During 1955–6, Block G was extended to the north, at its west end. The new wing, with a hipped and gabled roof, had an eastern verandah (connecting to the original building's north verandah), and a western verandah. There were two sets of stairs off the east verandah, and one off the west verandah. The 1920 building's dressmaking room now became a second cookery room, with the dining area partitioned off, and new casement windows were added to the south elevation. The 1950s wing's rooms, from the south, included: dressmaking, with a staff room and fitting room to the north; then another fitting room, for a second dressmaking room to the north.

Workshop No.2 (Block M in 2017), for Motor Engineering, was planned in 1955, south of Block R, but was not built until 1958–9. By this time the use of timber for technical college workshops was less common. Block M also had a twin sawtooth roof; and ramps to two of its doorways, on the west and south sides. The two workshop buildings were connected by a covered way at their east ends. In September 1958 estimates were provided for partitioning workshop No.2 for a car electrics lab, battery room, store, diesel fuel lab, fitting shop, tool room, metrology lab, and vehicle workspace and general workshop area. A hydraulic hoist was also fitted. A skillion extension was added to the north side of Block M in the late 1960s. A third workshop was added south of Block M by 1964, but did not have a sawtooth roof.

Enrolments at the high school rose in the 1960s. Year Eight students were taught at the high school from 1964, and by 1967 Bundaberg SHS was the second largest high school outside the Brisbane metropolitan area, and the fifth largest in Queensland. As a result, the school continued to change from the 1960s, as multiple new buildings were added and old buildings were removed. Most additions have tended to match the northerly orientation of the original school buildings, giving the school its regular layout. Of the school buildings present in the late 1950s, only Blocks D, G, R and M survive in 2017. In 1963, changing rooms were added under the north ends of the east and west wings of Block D (only the north end of the west wing was still enclosed in 2017).
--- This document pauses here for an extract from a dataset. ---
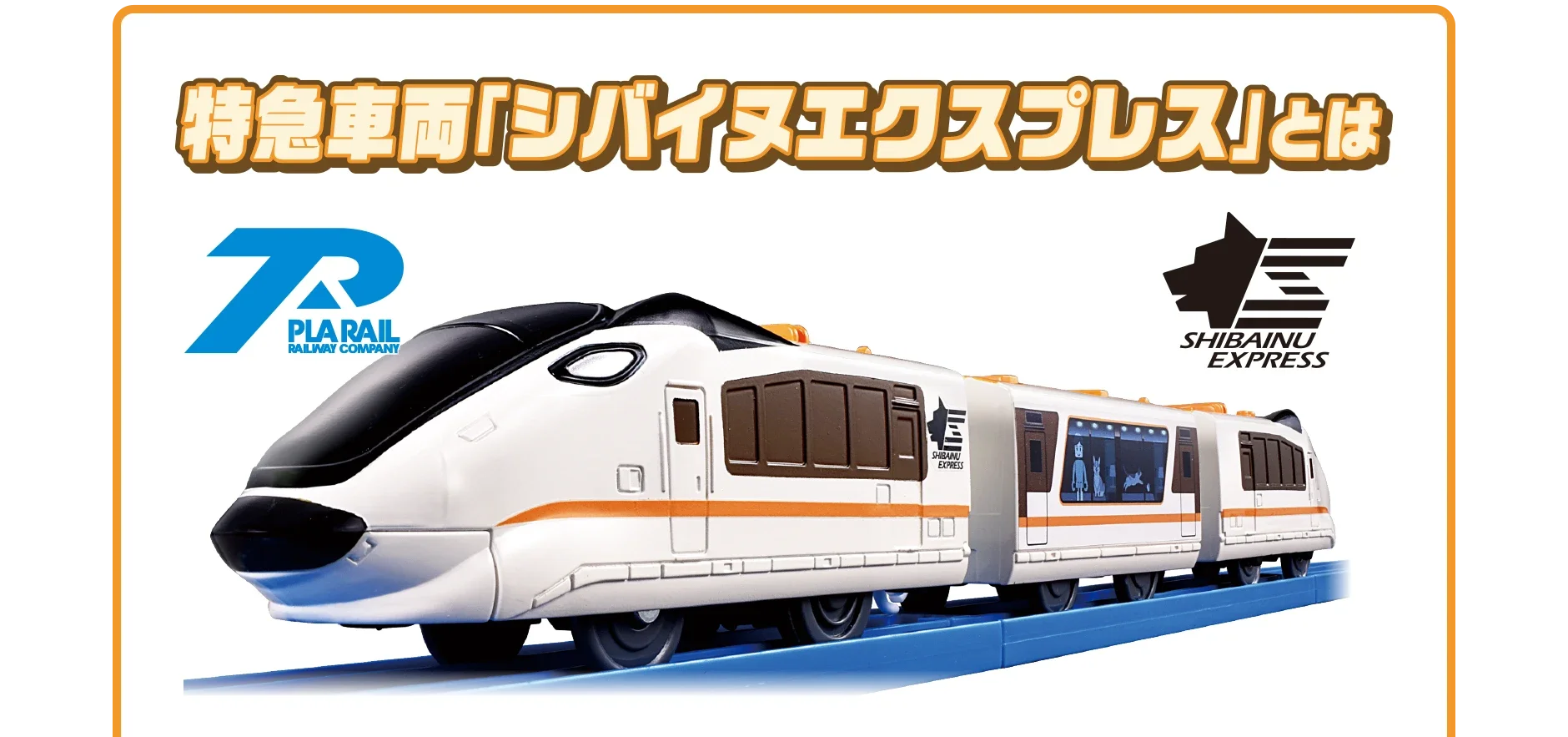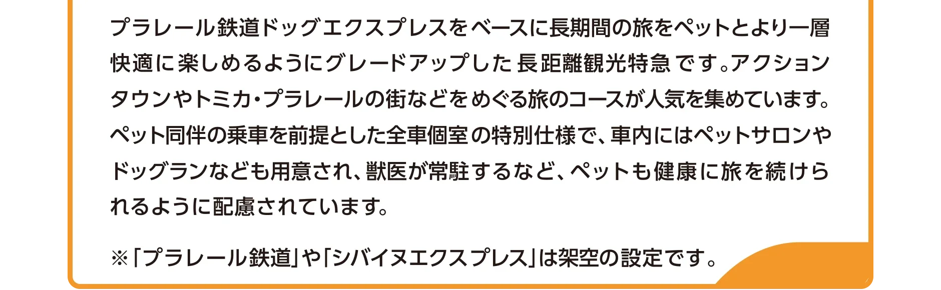 プラレール鉄道ドッグエクスプレスをベースに長期間の旅をペットとより一層快適に楽しめるようにグレードアップした長距離観光特急です。アクションタウンやトミカ・プラレールの街などをめぐる旅のコースが人気を集めています。ペット同伴の乗車を前提とした全車個室の特別仕様で、車内にはペットサロンやドッグランなども用意され、獣医が常駐するなど、ペットも健康に旅を続けられるように配慮されています。|※「プラレール鉄道」や「シバイヌエクスプレス」は架空の設定です。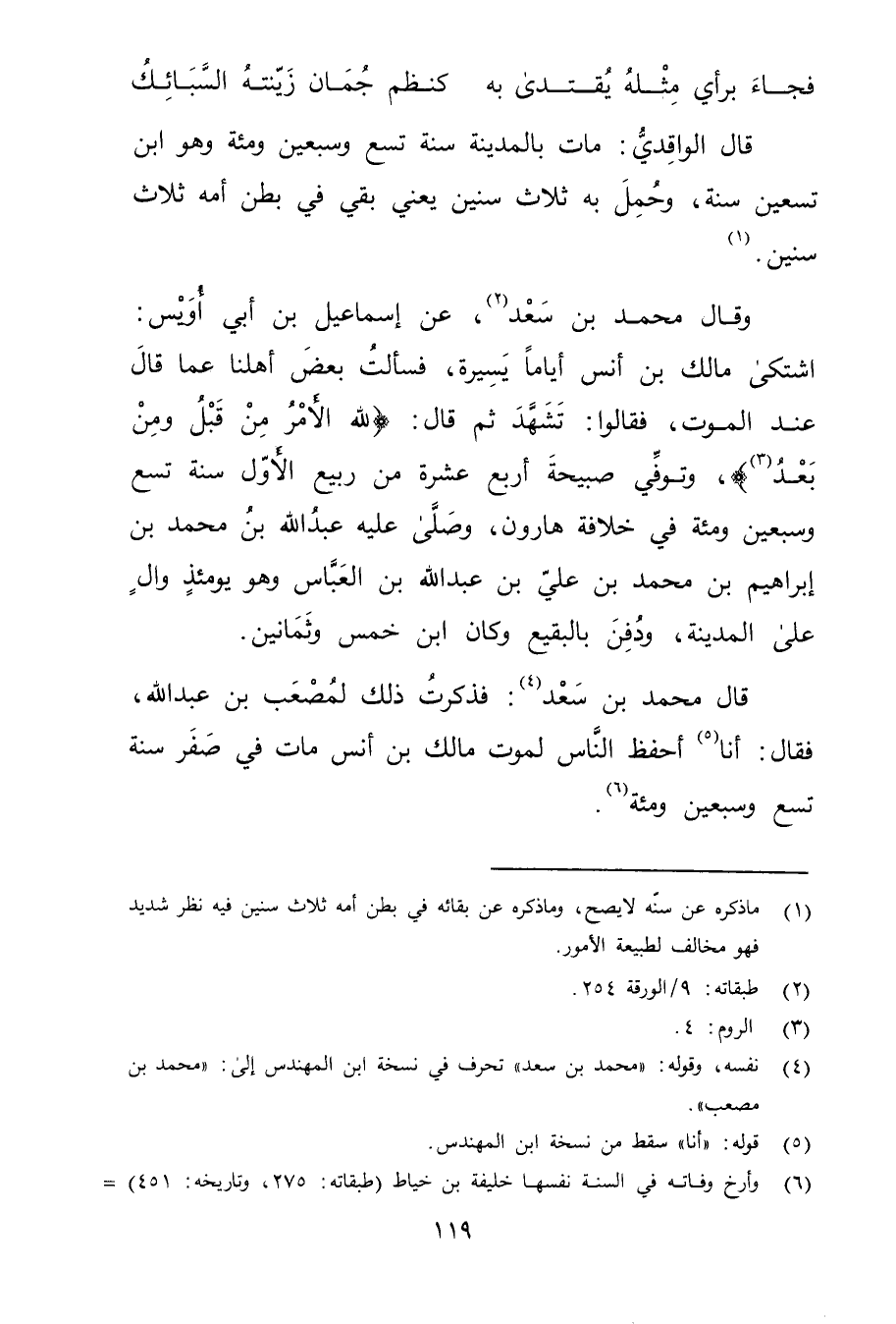 قال مُحَمَّد بْن سعد (4) : فذكرت ذلك لمصعب بْن عَبد الله، فقال: أنا (5) أحفظ الناس لموت مالك بْن أنس مات في صفر سنة تسع وسبعين ومئة (6) .

There were also changes to the school's administrative structure during the 1960s. The Intermediate section of the High School closed at the end of 1963, and the technical college separated from the high school in 1965, with its own principal and administration. Growth continued in the 1970s. By April 1973, the school had an enrolment of 1673, and in 1975, plans were made to convert the soon-to-be-vacated technical college buildings to high school use. The use of the workshops also changed in the 1970s. In 1971, Block R was used for "Fitting and Turning", and Block M for "Auto Mechanics". By 1978, Block R was a gymnasium, while Block M was still used for manual arts.
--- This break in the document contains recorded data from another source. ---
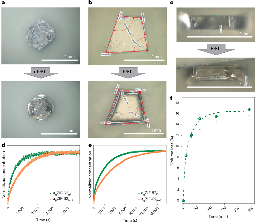 3. 通过温度、持续时间和机械负载的变化,ZIF-62可能会被可控地改变为“通用分子筛”,用于不会对材料造成化学损伤的气体。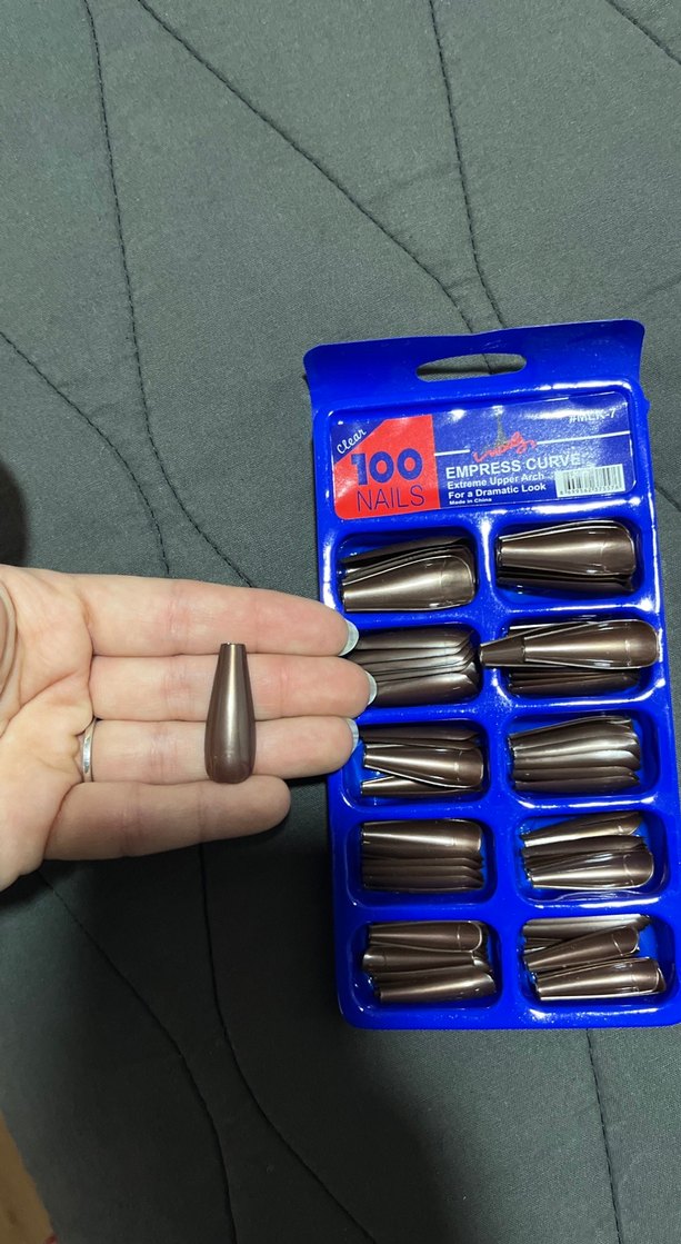 100 adet koyu kahverengi, kavisli tasarıma sahip takma tırnak seti. Hızlı ve etkili tırnak süsleme için uygundur.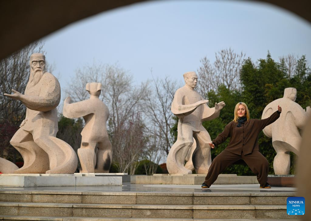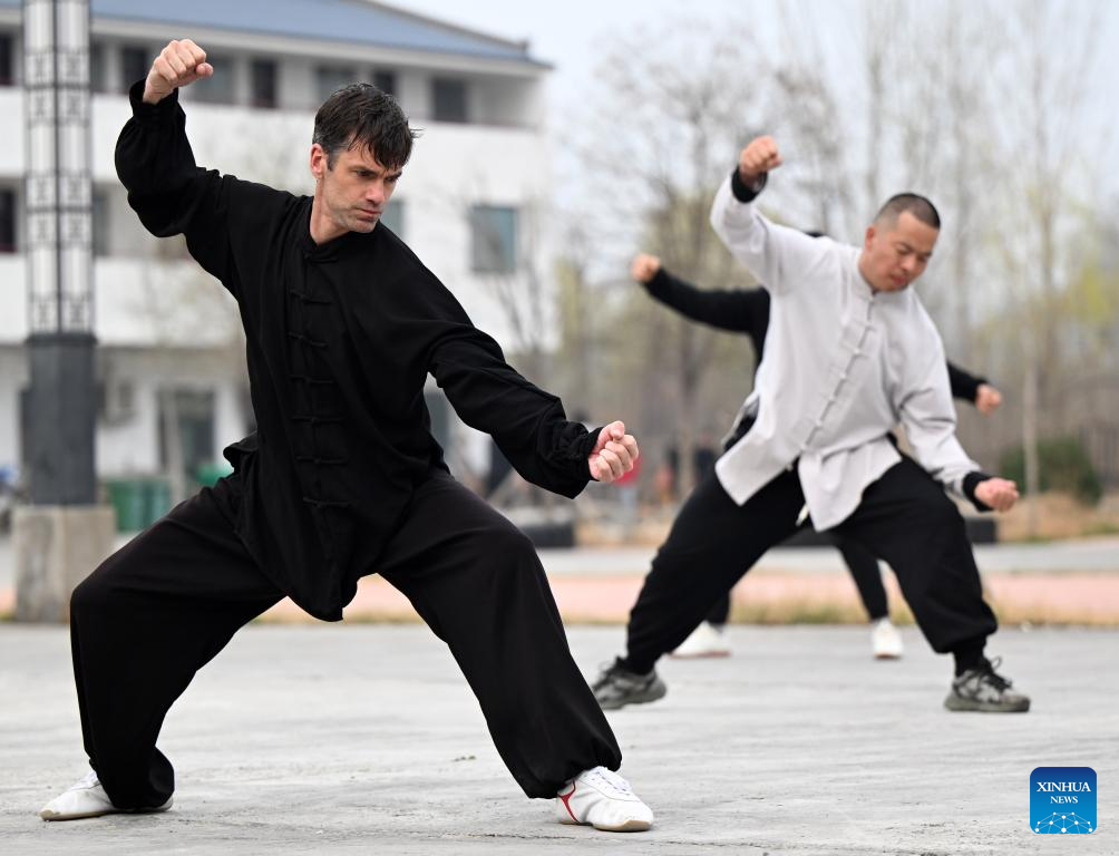A Russian practitioner practices Taijiquan in Chenjiagou Village of Wenxian County, central China's Henan Province, March 19, 2026.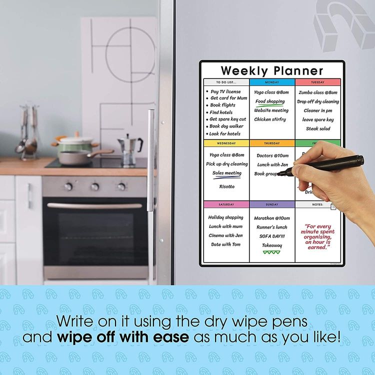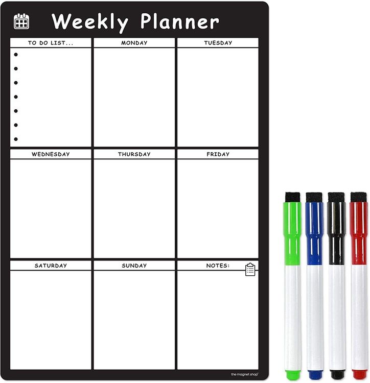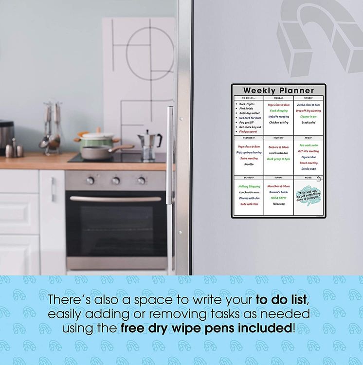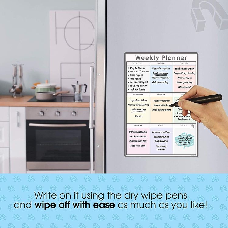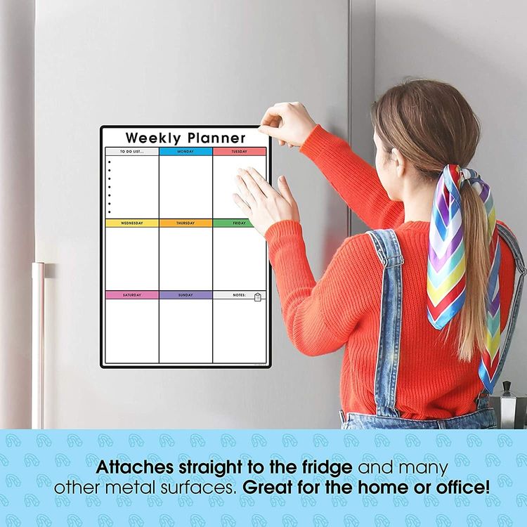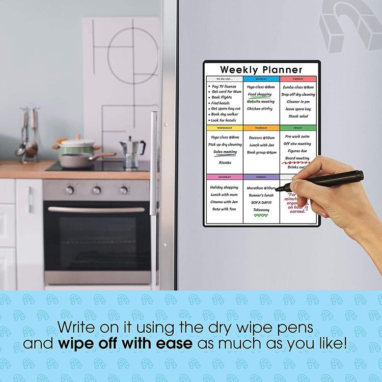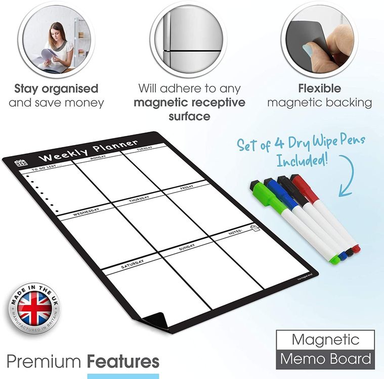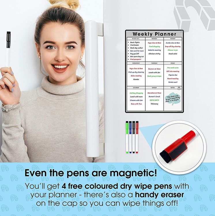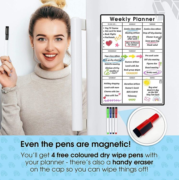 WHAT YOU GET: A multifunctional magnetic whiteboard to help you plan your week as easily and clearly as possible. It is designed to be flexible with a fully magnetic backing and dry erase finish, the memo board is suitable for use in a variety of environments from home to office. Each purchase comes comes with a pack of 4 multi-coloured pens that have their own eraser and magnet that will attract to many metal surfaces!

The school grounds continued to expand. In 1978, there were four houses north of Boreham Street, while two tennis courts had been added at the east end of the north side of the street (1972). The current Boreham Street was formed further north by 1984, and the land formerly occupied by houses was added to the school grounds in 1988.

Changes to the buildings and grounds continued from the 1980s onwards. In 1987, Block D was converted for use by the Commercial Department, and as a computer centre. By 2003, Block G was used for English, and Blocks R and M were used for Technical Studies; while the enclosure for hand basins under the verandah annexe of Block D, and the changing rooms under the north end of the block's east and west wings, had become storerooms. The Intermediate School building was removed by 2003. Block D was converted for the Commercial Department in 1987. In 2013, the school grounds were extended south to Walker Street, absorbing Barber Park (the former Lady Chelmsford Hospital site).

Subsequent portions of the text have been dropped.